### Input data
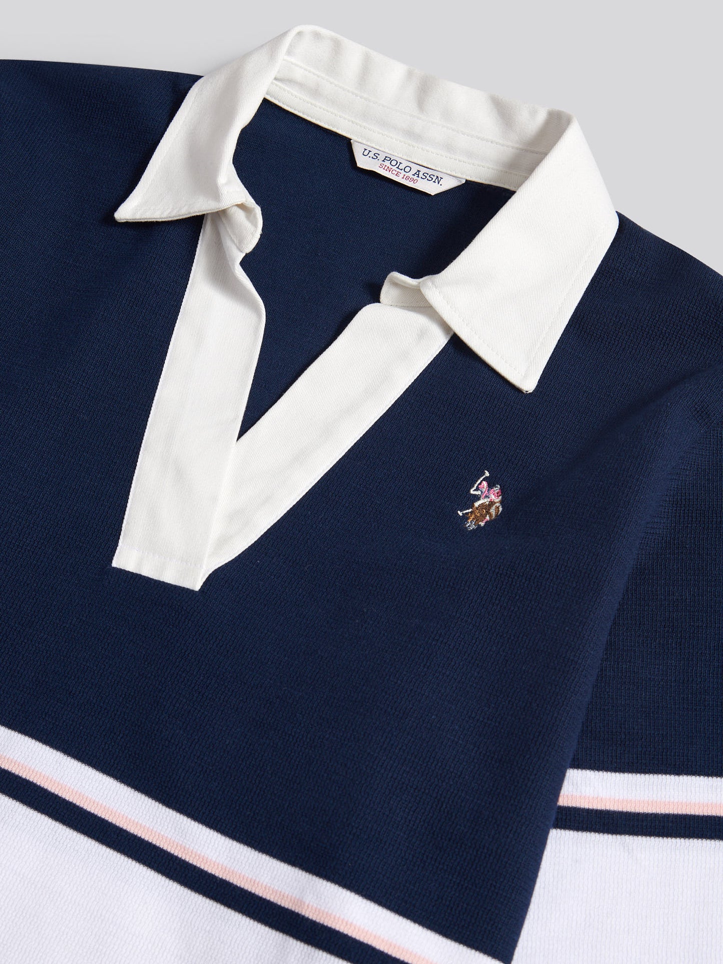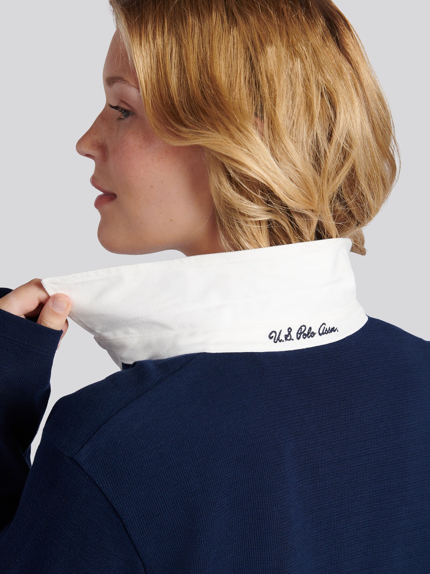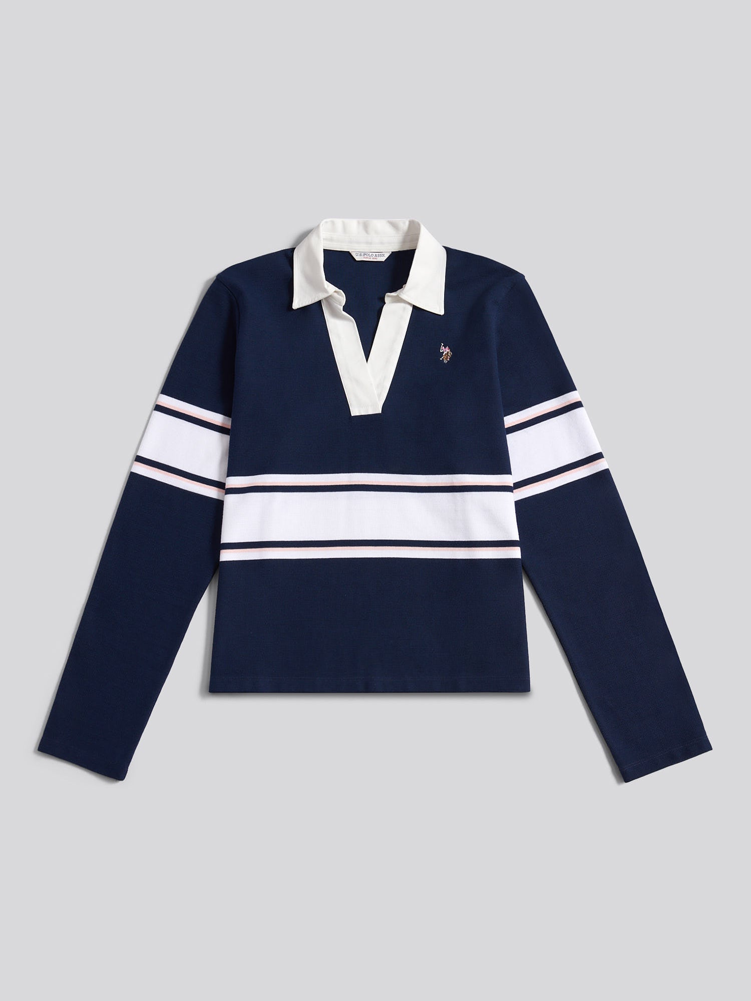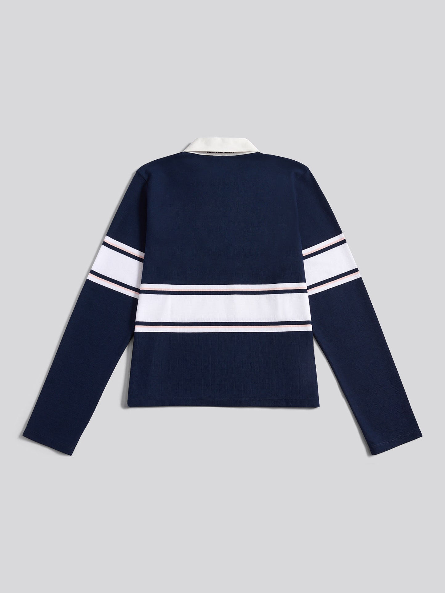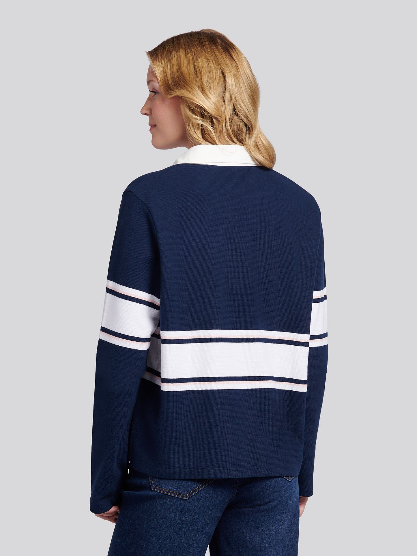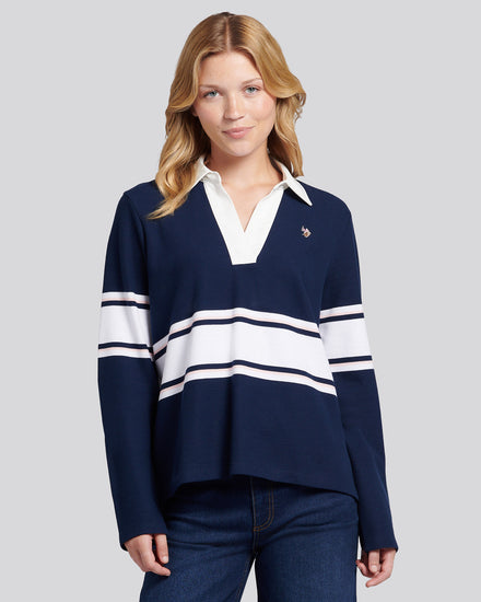 Womens Contrast Collar Stripe Rugby Top in Navy Iris
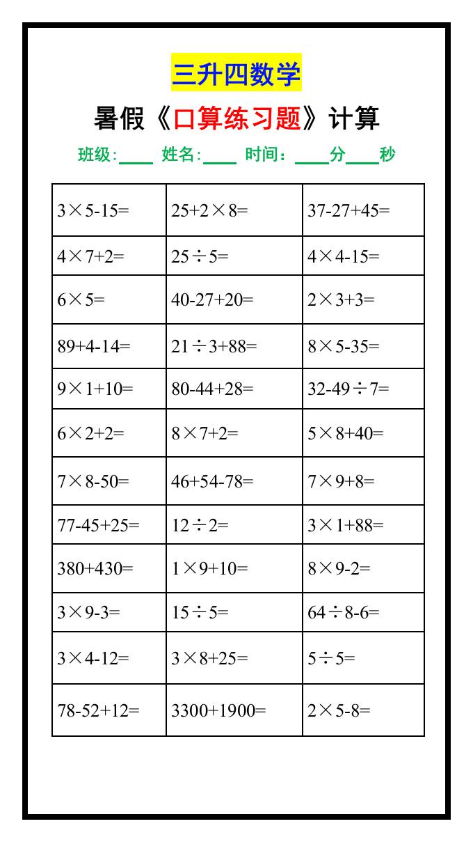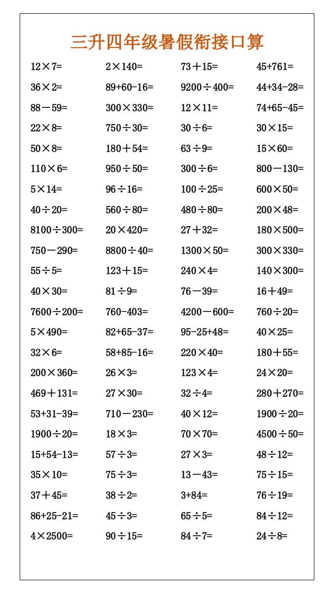 三升四年级数学暑假专项:列式计算练习题-四上数学
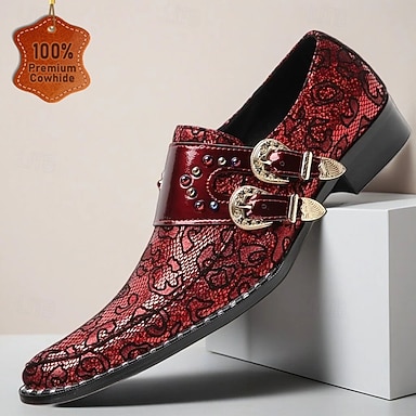Herren Mardi Gras Rote Verzierte Loafer mit Schnallen – Einzigartige formelle Schuhe für besondere Anlässe Partys und stilvolle Veranstaltungen
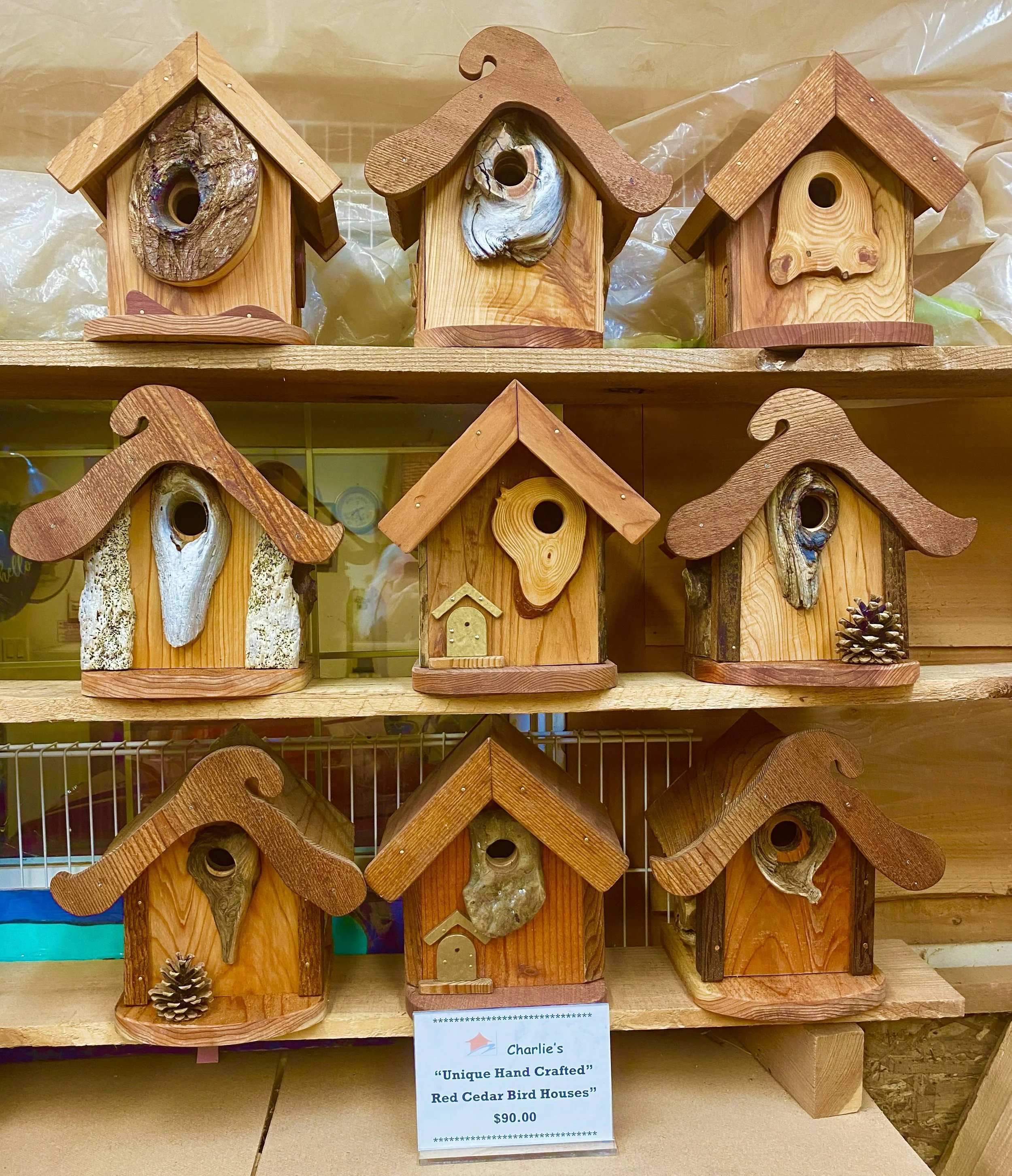 All Bird houses are $90 unless noted otherwise. All crafted using cedar material supplied locally by Gogo’s saw mill.
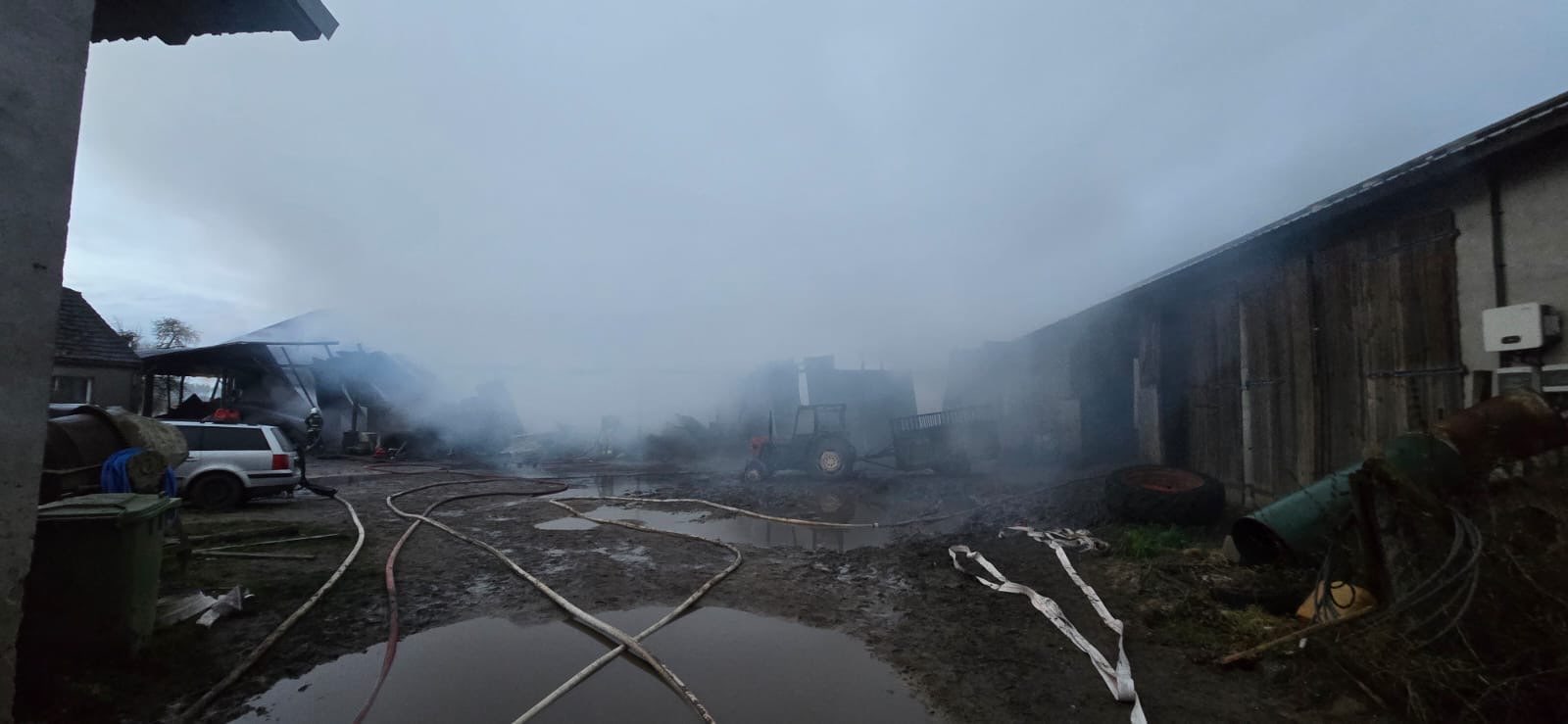 Kilkanaście zastępów straży pożarnej z dwóch powiatów gasi pożar budynku inwentarskiego w gminie Karsin. Ogień pojawił się po godz. 4.00. Zagrożony był budynek mieszkalny.

### What to work on
Repeat all of the data above word for word, minus the pictures.

### Result
 Womens Contrast Collar Stripe Rugby Top in Navy Iris
 三升四年级数学暑假专项:列式计算练习题-四上数学
Herren Mardi Gras Rote Verzierte Loafer mit Schnallen – Einzigartige formelle Schuhe für besondere Anlässe Partys und stilvolle Veranstaltungen
 All Bird houses are $90 unless noted otherwise. All crafted using cedar material supplied locally by Gogo’s saw mill.
 Kilkanaście zastępów straży pożarnej z dwóch powiatów gasi pożar budynku inwentarskiego w gminie Karsin. Ogień pojawił się po godz. 4.00. Zagrożony był budynek mieszkalny.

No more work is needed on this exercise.